Benjamin F. Mattingly
There are no known actual photographs of Benjamin F. Mattingly. Above is an AI-generated image of how he might have looked in about 1880 based on known facts about his life.
“The Bourbon Pioneer of Bardstown”
Benjamin F. Mattingly was born into Kentucky’s distilling aristocracy in 1828. His grandfather, John Graves Mattingly, built distilleries all over Kentucky in the mid-1800s, laying the groundwork for a multi-generational legacy in bourbon craftsmanship. Billowing copper stills and wooden fermenters would have felt as familiar to young Ben as the rolling limestone hills around Bardstown.
Growing up in Louisville, Ben belonged to a family that treated bourbon-making as both a tradition and a calling. His upbringing was shaped by barrels aging in warehouses, the scent of fermenting mash, and reverent stories of pioneers like Elijah Craig and Evan Williams. Family lodges likely echoed with tales of invention and rivalry in Kentucky’s early whiskey era.
It seems then that Ben Mattingly’s destiny was intertwined with bourbon lineage. To no one’s surprise, in 1864, he married Catherine Willett, daughter of the distinguished Willett family of Kentucky bourbon fame. The Willetts and Mattinglys were two of the most respected names in the region’s distilling world, so their alliance blended not only two families but two legacies. Catherine came from the family that owned Franke & Willett Distillery, located at Morton’s Spring in Nelson County, just south of Bardstown. By marrying her, Ben became deeply embedded in the operations at Morton’s Spring, effectively uniting two lines of bourbon near-royalty. Though Ben and Catherine eventually had 11 children, several of them did not survive to adulthood, and there is no evidence that any of those who did were ever involved in distilling.

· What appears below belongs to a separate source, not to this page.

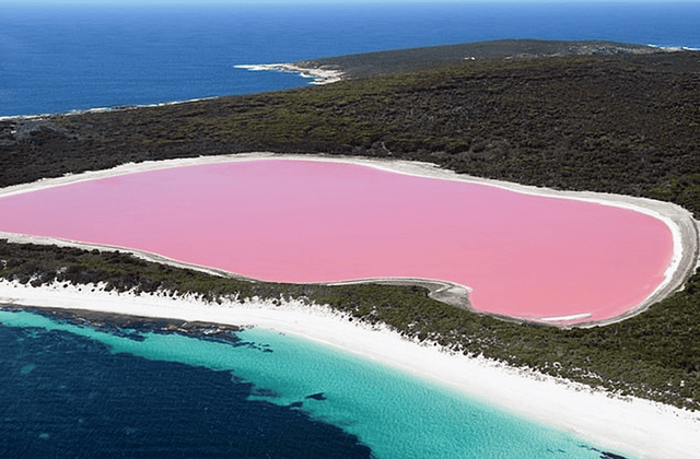 독특한 색상으로 세계적으로 사랑받는 호수는 또 있습니다. 호주의 ‘힐리어 호수’는 딸기우유를 연상케 하는 핑크빛 물색으로 유명합니다. 이 색상은 식물 플랑크톤이 자외선을 막기 위해 붉은 색소를 활성화하면서 생성됩니다.

Around 1874, Ben began working at Morton’s Spring alongside his brother-in-law, Thomas S. Moore, another heir by marriage to the Willett family. In 1876, ownership was transferred to Mattingly and Moore, and in 1879, they built a new distillery on 80 acres in Bardstown—later known as Mattingly & Moore Distillery, the predecessor to today’s Barton/1792 Distillery.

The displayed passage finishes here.